== What the task asks ==
From the material below, reproduce exactly the stretch of lines that begins with the line holding "The Bonne Nouvelle metal" and ends with the line holding "Lenyűgöző ismeretterjesztő könyv, amely", skipping the pictures.
BEGIN Supplied data
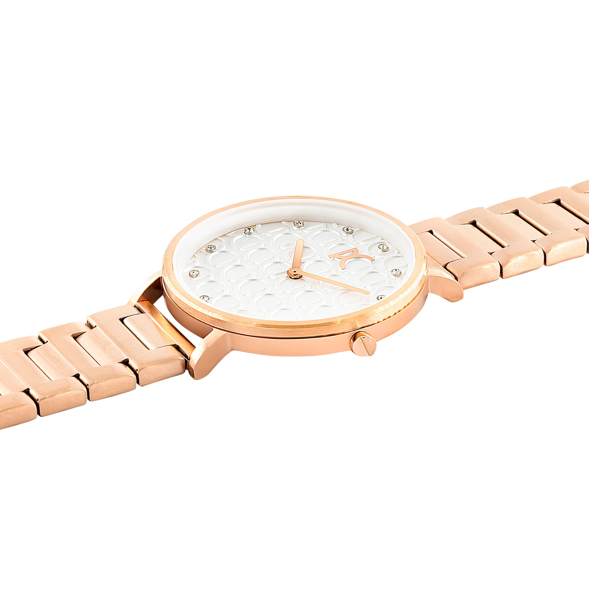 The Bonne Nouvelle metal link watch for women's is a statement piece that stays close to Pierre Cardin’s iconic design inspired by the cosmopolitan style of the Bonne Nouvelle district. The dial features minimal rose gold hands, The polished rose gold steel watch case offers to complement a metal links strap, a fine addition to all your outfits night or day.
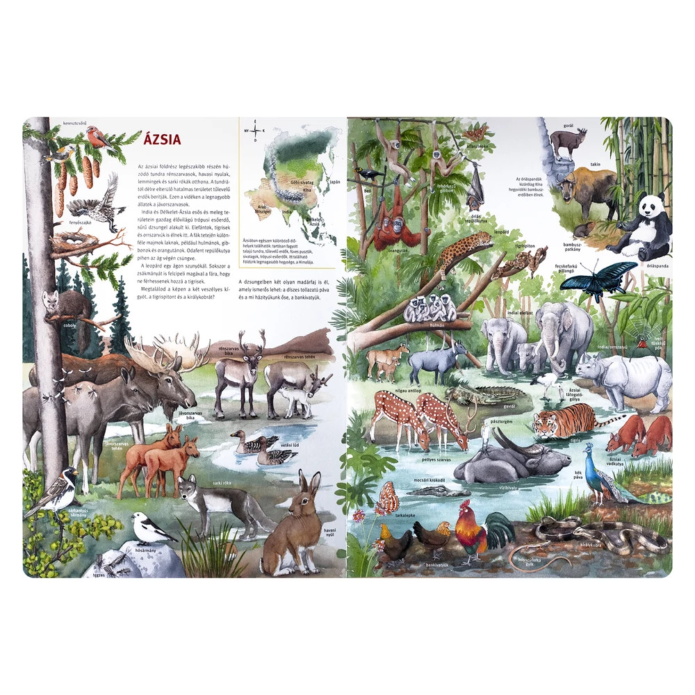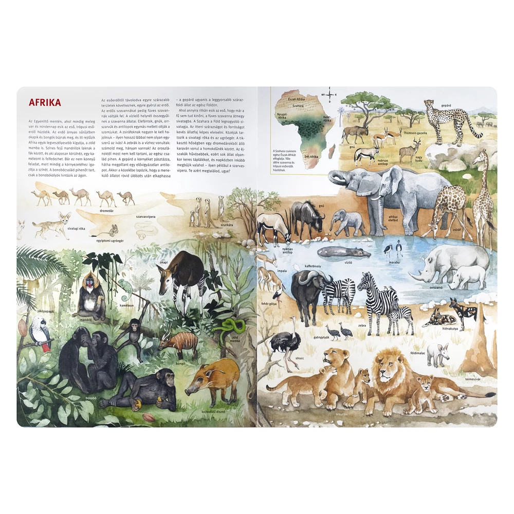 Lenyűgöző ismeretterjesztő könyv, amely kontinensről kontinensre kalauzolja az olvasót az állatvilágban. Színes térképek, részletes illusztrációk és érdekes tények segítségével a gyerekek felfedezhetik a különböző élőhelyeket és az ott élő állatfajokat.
END Supplied data
BEGIN Supplied data
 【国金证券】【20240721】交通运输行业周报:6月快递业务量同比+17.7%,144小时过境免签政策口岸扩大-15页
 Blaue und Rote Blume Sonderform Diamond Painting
END Supplied data
== Task solution ==
 The Bonne Nouvelle metal link watch for women's is a statement piece that stays close to Pierre Cardin’s iconic design inspired by the cosmopolitan style of the Bonne Nouvelle district. The dial features minimal rose gold hands, The polished rose gold steel watch case offers to complement a metal links strap, a fine addition to all your outfits night or day.
 Lenyűgöző ismeretterjesztő könyv, amely kontinensről kontinensre kalauzolja az olvasót az állatvilágban. Színes térképek, részletes illusztrációk és érdekes tények segítségével a gyerekek felfedezhetik a különböző élőhelyeket és az ott élő állatfajokat.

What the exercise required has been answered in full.